No final do seu segundo mandato, o governador Spencer Cox mudará a Suprema Corte de Utah, potencialmente mais do que qualquer um de seus antecessores no poder executivo.

Trabalhando com legisladores, Cox aprovou mudanças na forma como os juízes são selecionados, ampliando o painel para dois membros e exigindo mais transparência dos tribunais.

Cox entrevistou candidatos para as vagas criadas pelas novas regras na semana passada e realizará mais entrevistas esta semana enquanto se prepara para preencher as vagas deixadas em aberto pelo presidente do tribunal, Matthew Durant, e pela juíza Diana Hagen.

O presidente do tribunal, Matthew Durant, está na Câmara dos Representantes enquanto faz o discurso sobre o estado do Judiciário durante o primeiro dia da sessão legislativa de 2026 em Salt Lake City, terça-feira, 20 de janeiro de 2026. | Scott J. Winterton, Deseret Notícias

Durant anunciou sua aposentadoria na sexta-feira, resultado de uma série de atualizações jurídicas e mudanças de pessoal que renovaram o tribunal ao longo de vários meses.

Os acontecimentos ocorrem num momento em que os legisladores concentram a sua frustração no poder judicial e as ameaças de uma investigação sobre alegada má conduta levaram à demissão de Hagen em maio.

Em breve, Cox nomeará seis membros do painel de sete membros e deixará um legado duradouro na Suprema Corte, responsável pela interpretação da constituição estadual.
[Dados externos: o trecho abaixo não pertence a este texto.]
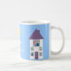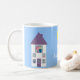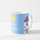 Customisable Home Sweet Home white mug with a cute cartoon illustration of a pretty house with a young couple & their pets looking out of the windows on a sunny day on a blue background with lilac border. A sweet & adorable housewarming gift for a family that has just moved or for a newly wed couple. Also a fun mug for real estate agents! You can move, re-size, or remove any of the design elements. The text, font, background colour & border are customisable. Choose the style, colour and size of your mug. If you need any assistance in customising your product please contact me through my store and I will be more than happy to help.
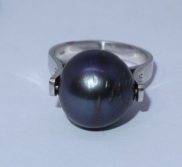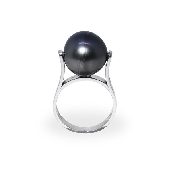 Anello in oro bianco con perla grigia e file di brillantini ai lati della perla
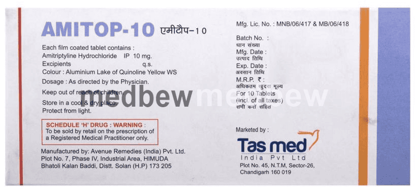Amitop 10 Tablet is a tricyclic antidepressant. Different doses of this medicine help in treating and preventing different problems such as depression, neuropathic pain, and migraine.
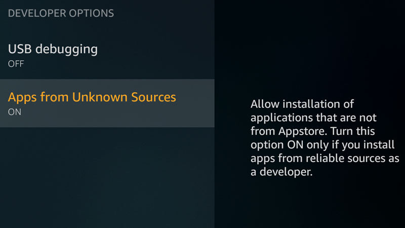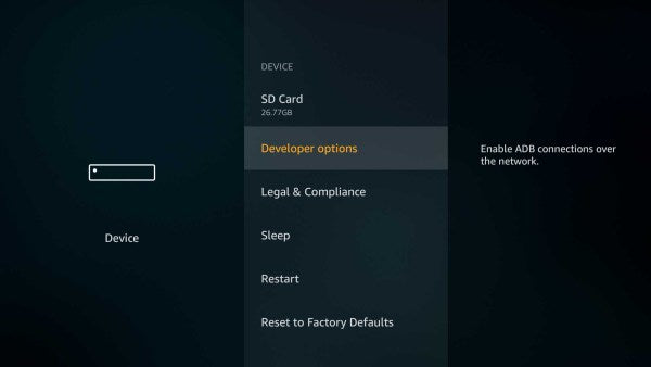 *NEWER FIRESTICKS HAVE DEV OPTIONS HIDDEN. WHILE IN MY FIRE TV PRESS SELECT 7 TIMES. THEN PRESS THEBACK BUTTON ONE TIMEANDSELECT ONE TIME. DEV OPTIONS SHOULD BE AVAILABLE ONCE COMPLETED.

Subjacente à influência de Cox no tribunal está um debate sobre como manter a confiança no poder judicial num momento politicamente carregado.
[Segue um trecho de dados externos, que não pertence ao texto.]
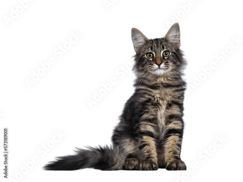 Fototapeta - Cute young black tabby blotched Norwegian Forestcat kitten, sitting facing front. Looking with green brown eyes towards camera. Isolated cutout on transparent background.

A legislatura liderada pelos republicanos acredita que a credibilidade deve ser restaurada após várias decisões controversas através de reformas processuais para ajudar os juízes a reflectirem os valores do Utah.

Enquanto membros da Suprema Corte de Utah perante Matthew B. Utah Chief Justice Durant entra na Câmara dos Representantes enquanto discursa em uma sessão conjunta do Legislativo de Utah dentro da Câmara dos Representantes no Capitólio em Salt Lake City, terça-feira, 25 de janeiro de 2020. | Scott J. Winterton, Deseret Notícias

Alguns membros da comunidade jurídica consideram que isto é uma politização de um processo baseado no mérito e apelam ao regresso à independência judicial com maior supervisão por parte de outros juízes.

Embora todos os juízes do estado tenham sido nomeados por um governador republicano, uma combinação de um momento único e de novas políticas deu a Cox o poder de remodelar o cenário dos tribunais de Utah.

Acima dos resultados

Apoiadores e críticos apontam para o projeto de lei de 2023, SB129, como o início de um esforço acelerado para remodelar a composição dos tribunais, reformando a forma como os advogados são selecionados para eles.

A lei removeu os limites sobre quem Cox poderia nomear para as 10 comissões estaduais de nomeação judicial encarregadas de avaliar os nomeados judiciais.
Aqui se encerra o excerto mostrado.